Segment Open

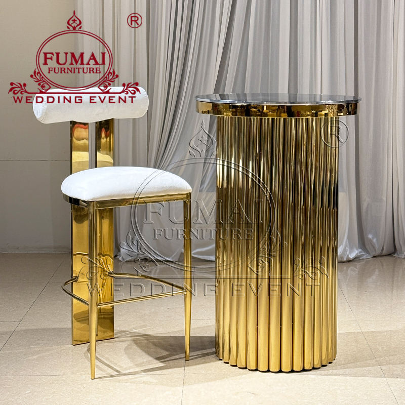 โต๊ะบาร์สำหรับงานแต่งงานทำจากสแตนเลสสีทองประดับกลางโต๊ะสไตล์ใหม่
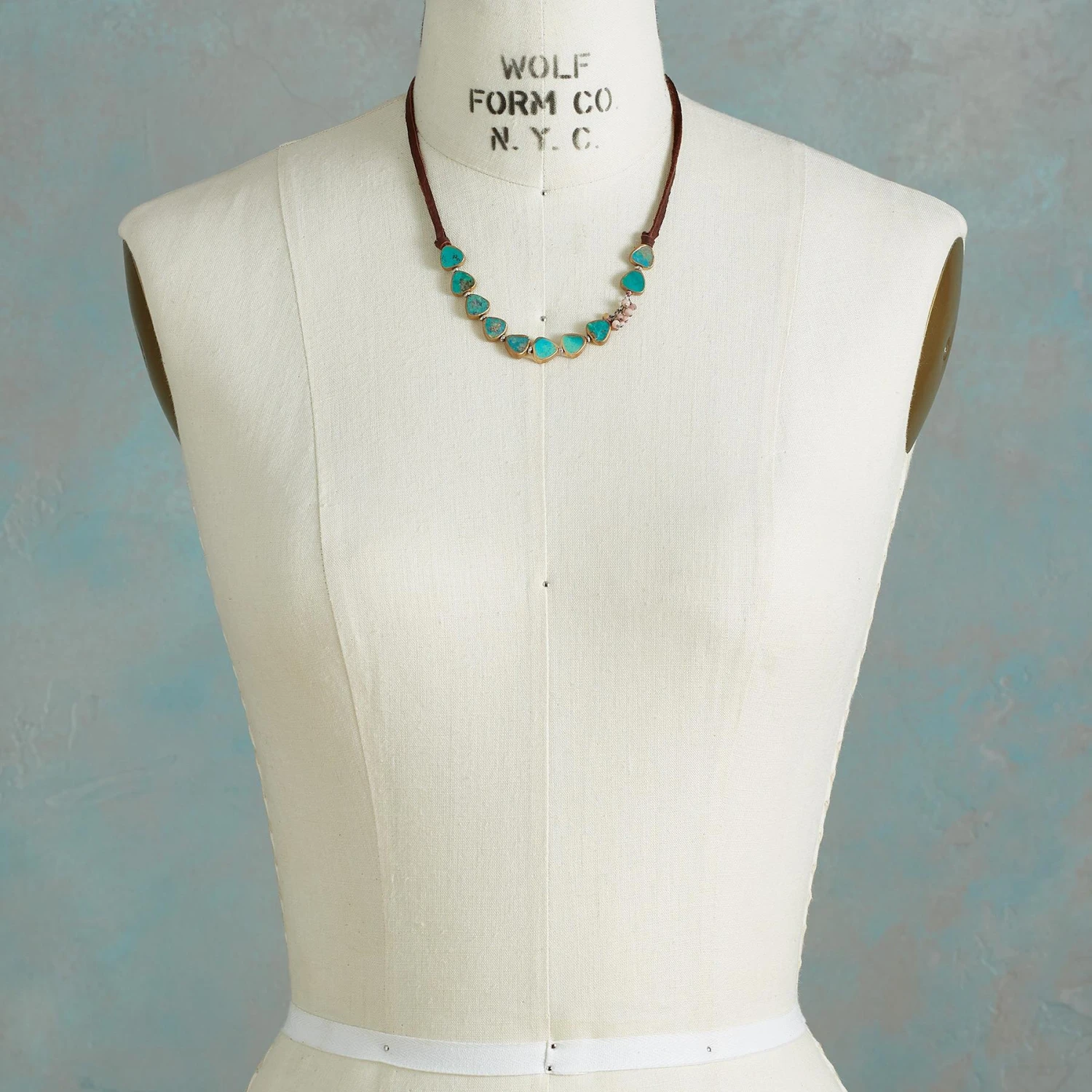 Strung from soft leather, triangles of copper-wrapped turquoise lead the way to a burst of pink opal and rhodochrosite. Sterling silver lotus flower clasp. Handcrafted. Exclusive. 18″L.
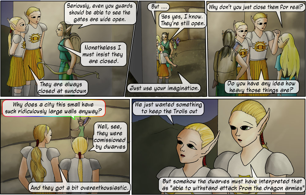 Ayne's comment in frame 1 makes it sound like all soldiers are stupid. And I'd rather you not make fun of dwarves; they may be a bit eccentric on occasion, but I've read about some really good ones. Have you ever really read descriptions of dwarven halls? They build everything on a massive scale.
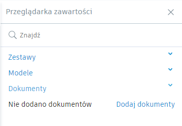 Aby dodać dokumenty pomocnicze do pakietu, wybierz opcję Dokumenty z przeglądarki zawartości i kliknij przycisk Dodaj dokumenty.
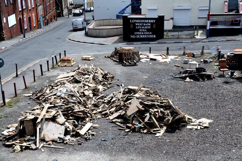 Ein Platz, noch spärlich gefüllt mit Holz und Holzpaletten, leider auch mit sonstigem Sperrmüll. Die Bordsteine der angrenzenden Straßen abwechselnd in rot, weiß und blau – die Farben der Flagge Großbritanniens. Ein Gedenkstein der Londonderry West Banks Loyalists: „immer noch unter Belagerung – keine Kapitulation“. Er erinnert an die endgültige Unterwerfung Irlands durch die Engländer, die am 11. Juli 1690 in der unter dem Sieger Wilhelm von Oranien gegen den katholischen, ehemaligen englischen König Jakob II in der Schlacht am Boyne besiegelt wurde. Jedes Jahr am 11. Juli, in der Bonfire Night, werden Palettenpyramiden angezündet – das Freudenfeuer und Paraden erinnern an diesen für die Loyalisten wichtigen Tag. Nicht unbedingt schlimm, wenn nur nicht immer wieder unerbittliche Ignoranten irisch-republikanische Symbole wie deren Nationalflagge ins Feuer werfen würden. Eine reine Provokation – hoffentlich lässt sich die Gegenseite nicht davon aufstacheln.
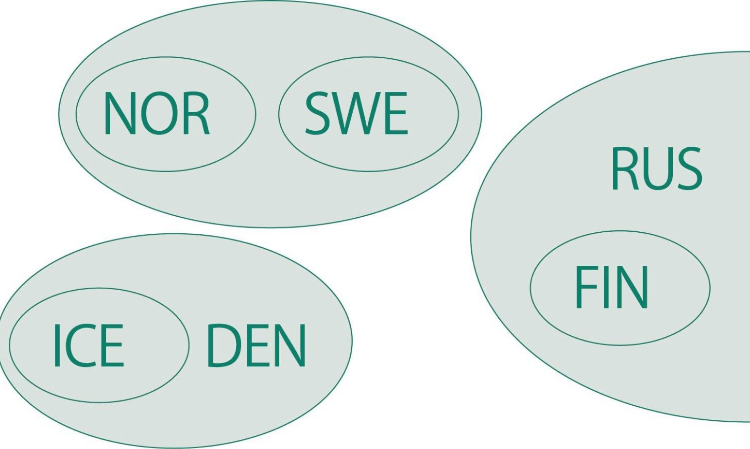 スカンディナビア半島の2カ国とその先のデンマーク、ボスニア湾をともに囲むフィンランド、北大西洋のアイスランド。スウェーデンは大西洋に面した国と比べ水産業は弱いが、交通の要衝として、また農業でも栄えた。ドイツやロシアのような直接的な脅威と地続きでなく、中立国として成立しやすい。
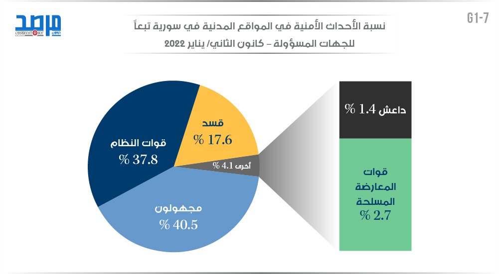 نسبة الأحداث الأمنية في المواقع المدنية في سورية تبعًا للجهات المسؤولة نشر في 4 نيسان/أبريل ,2022 مشاركة مشاركة مشاركة المقال Facebook Twitter Copy Link Print مشاركة مقالات أخرى للكاتب شرعنة عنف الدولة في سورية أزمة اللاجئين السوريين وتهديدات الأمن العالمي (دراسة حالة ألمانيا) تصعيد أزمة اللاجئين السوريين في لبنان: الدوافع والمآلات اترك تعليقا اترك تعليقاً إلغاء الردلن يتم نشر عنوان بريدك الإلكتروني. الحقول الإلزامية مشار إليها بـ *التعليق * الاسم * البريد الإلكتروني * احفظ اسمي، بريدي الإلكتروني، والموقع الإلكتروني في هذا المتصفح لاستخدامها المرة المقبلة في تعليقي. المقال السابق توزع المواقع المسجّل بها أحداثًا أمنية حسب الجهات المسؤولة المقال التالي نسبة الأحداث في المواقع العسكرية في سورية تبعًا للجهات المسؤولة (كانون الثاني 2022)
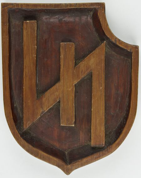 Wooden folk art, a hand-carved plaque, 8" x 10 1/4", bearing a stylized impression of the symbol of the Nederland Division, Dutch soldiers who volunteered to join the SS.
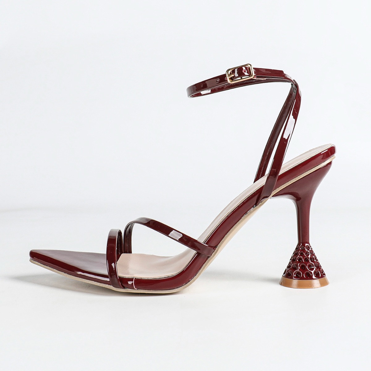 时尚欧美风露趾凉鞋女性感酒红色细带礼服鞋一字带时尚气质高跟鞋
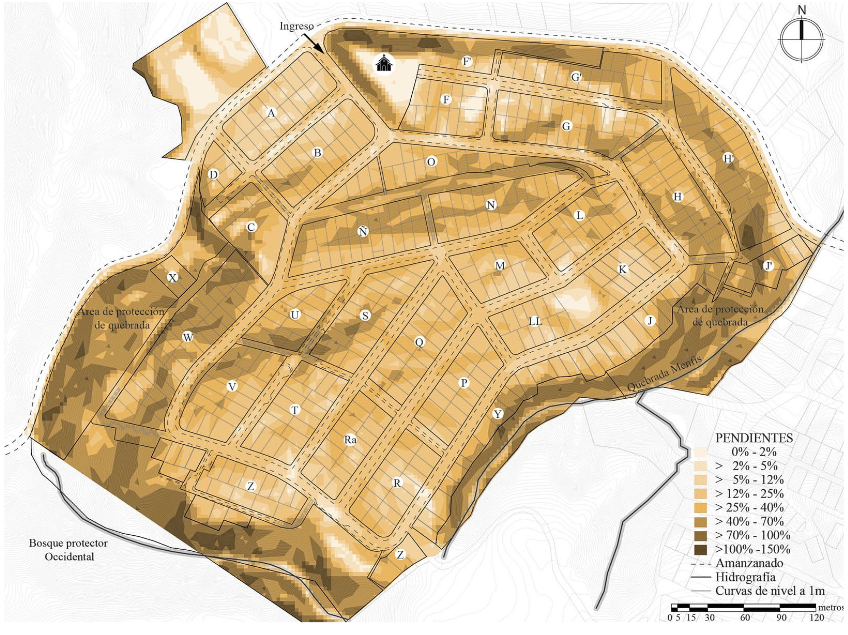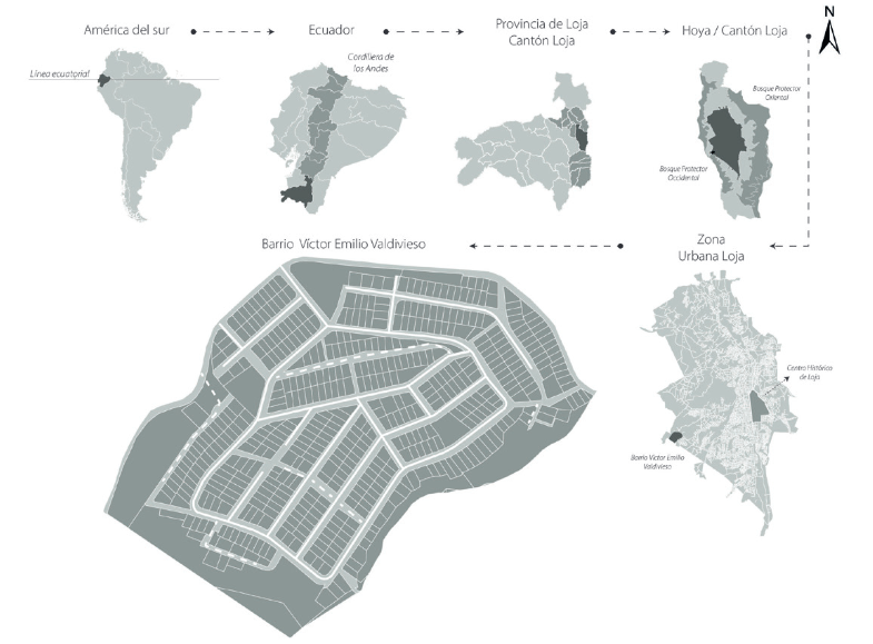 El barrio Víctor Emilio Valdivieso (figura 2), se encuentra junto a áreas de protección de remanentes de hábitats protegidos por el Estado como el bosque protector de la cordillera occidental (Ministerio de Ambiente del Ecuador, 2012). El barrio nace en 1995, la familia de VEV donó un terreno de 15,87 ha. a la Curia de Loja y el acuerdo fue servir a los más pobres. En 1996, tras realizarse la lotización y la apertura vial, se efectúa el sorteo de los predios. Los beneficiarios eran pobladores en extrema pobreza, muchos llegaron a vivir armando con palos y plásticos su vivienda. En estas circunstancias los promotores del proyecto obviaron el análisis técnico de las características del terreno, dándole más énfasis a su intención solidaria que a las condiciones topográficas. Pese a las dificultades de la planificación del proyecto y a la permisividad municipal, cabe recalcar que se diseñaron franjas verdes públicas, algo no común en las urbanizaciones de la ciudad. Entre las consecuencias de obviar los parámetros de la planificación urbana resaltan las dinámicas socio espaciales negativas, y que hoy se traducen en inseguridad en ciertos espacios del barrio afectando la calidad de vida de todos sus habitantes.
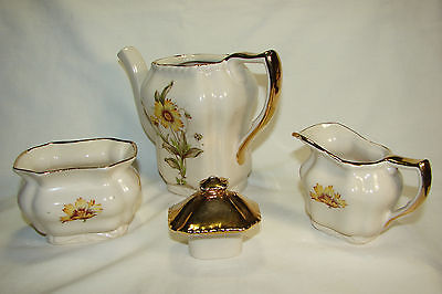 Warranted 24k gold trim Tea Pot,creamer & sugar Set ,Floral Print
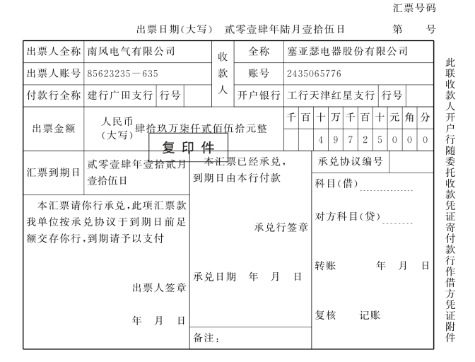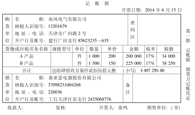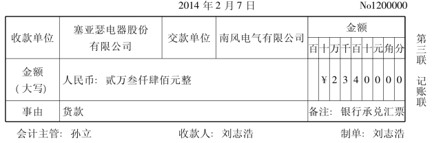 (1)塞亚瑟电器股份有限公司往来会计收到南风电气有限公司银行承兑汇票第二联及销售部门开出的销售发票记账联、商品出库单记账联、收款收据记账联,进行审核。
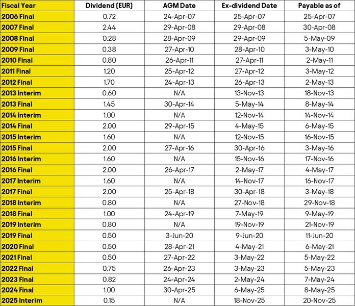 Two billion US dollars Share Buyback Program announced on 31 October 2024 and completed on 26 June 2025. The program was being executed under the powers granted at the General Meeting of Shareholders on 28 April 2021.
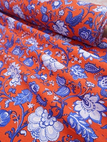 Саржа "Синий цветочный узор на оранжево-красном", ш.1.5 м, хлопок-100%, 200гр/м.кв

Segment Closed

**Exercise objective**
While skipping the pictures, transcribe the data above from the line showing "Strung from soft" through the line showing "Aby dodać dokumenty", exactly and with both ends.

**Finished exercise**
 Strung from soft leather, triangles of copper-wrapped turquoise lead the way to a burst of pink opal and rhodochrosite. Sterling silver lotus flower clasp. Handcrafted. Exclusive. 18″L.
 Ayne's comment in frame 1 makes it sound like all soldiers are stupid. And I'd rather you not make fun of dwarves; they may be a bit eccentric on occasion, but I've read about some really good ones. Have you ever really read descriptions of dwarven halls? They build everything on a massive scale.
 Aby dodać dokumenty pomocnicze do pakietu, wybierz opcję Dokumenty z przeglądarki zawartości i kliknij przycisk Dodaj dokumenty.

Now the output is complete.